The ENETS guidelines recommend platinum-based chemotherapy for poorly differentiated grade 3 NETs, but it has limited efficacy in NETs with Ki67 of 20-55% [38,45]. Of the platinum-based agents, carboplatin has better efficacy and lower toxicity compared to cisplatin. The combination of cisplatin with etoposide showed higher response rates of 17-67%, but median survival was not improved significantly [45]. For patients who tolerate platinum-based chemotherapy, FOLFIRI (folinic acid, 5‐fluorouracil [5‐FU], and irinotecan) and FOLFIRINOX (FOLFIRI plus oxaliplatin) have recently shown anti-tumor activity [8]. The 2016 ENETS guidelines suggested using streptozocin and 5-fluorouracil chemotherapy in rapidly progressive NETs with a Ki67 of 5-20% [37].
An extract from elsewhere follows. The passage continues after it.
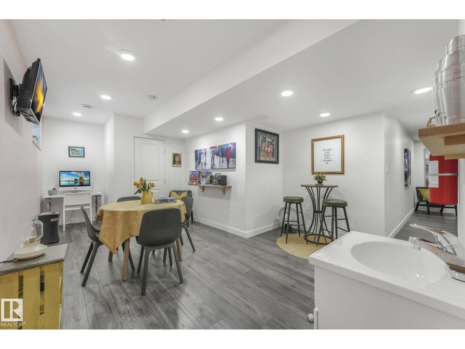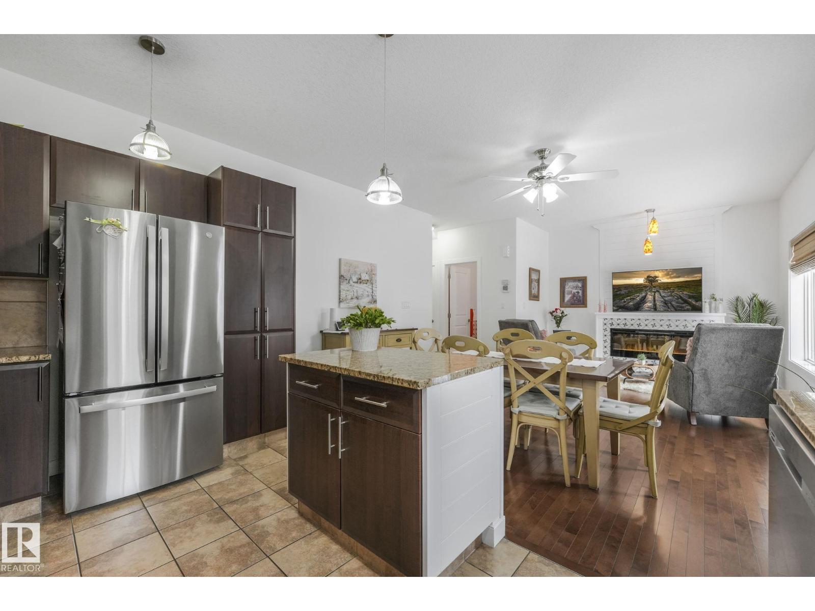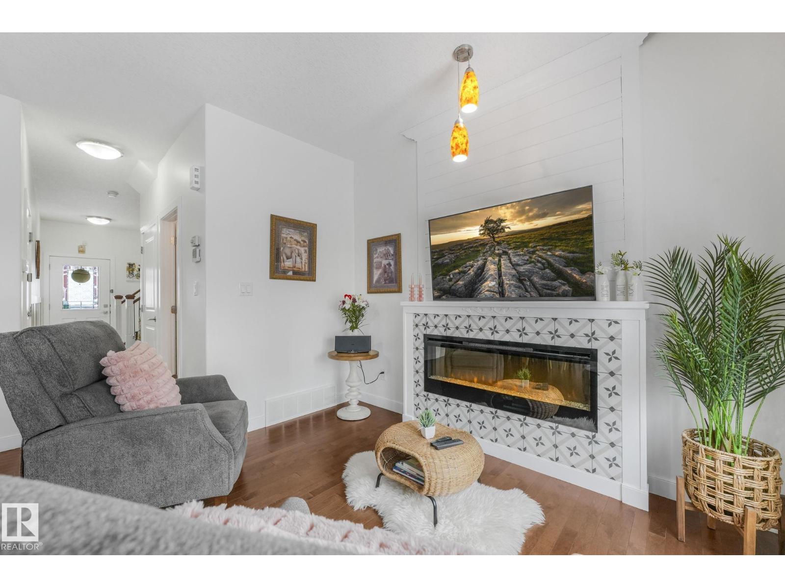 Immaculate Original Owner Townhome in McConachie with LOW CONDO FEES. Offering 2043 sf of Developed Space, Finished Basement, 3 Bedrooms, 4 Bathrooms & Double Attached Garage! Tasteful Accents & Upgrades Throughout Incl. Rich Hardwood Flooring on the Main Floor, Stairs & Bonus Rm, Wainscoting in the Foyer & Hall, Living Room w/ Feature Fireplace & Custom Mantle. Kitchen Outfitted w/Granite Countertops & High End SS Appliances. Even the Powder Room was renovated w/Italian Porcelain Tile & New Vanity! Upstairs Features a Cozy Bonus Rm, Upper Laundry Pair, 3 Good Sized Bedrooms incl. the Primary w/Shiplap Feature Wall, 3 pc. Ensuite & Walk-In Closet. The Basement is Prof. Developed w/Permits & includes a Large Family Rm, Wet Bar & Additional 2pc Bath. Upgrades incl; Hunter Douglas Roman Blinds, Lighting, Stair Spindles, New Fridge & Washer, Dishwasher 1yr, Phantom Screens Fr. & Back, Sec. System & BBQ Gas Line. Well Maintained Complex w/ Condo Fees of Just 212.03/mo! Quick Possession Available! Shows 10/10! (id:51989)

Based on retrospective data, radiofrequency ablation is commonly used for liver metastases smaller than 5 cm and embolization for larger tumors (bland embolization, chemoembolization with cisplatin or doxorubicin, or radioembolization with 90Ytrium). Hepatic transarterial embolization is usually chosen for progressive unresectable liver metastases and can cause postembolization syndrome that presents with abdominal pain, fatigue, and fever [38].

Conclusions

NETs account for a small proportion of all malignancies, but their incidence is on the rise. The majority presents with mass effect symptoms. In patients with CS, 5-HIAA can be used as an initial test. CgA can be used to assess disease progression and response to treatment. CT and MRI are commonly used to localize the primary tumor and evaluate for metastasis. However, somatostatin receptor imaging modalities have the highest sensitivity and specificity for detecting NETs. Surgery is the mainstay of treatment for localized NETs. Currently, there are several medical options that can be used to treat NETs including SSAs, PRRT, Everolimus, Sunitinib, platinum-based agents.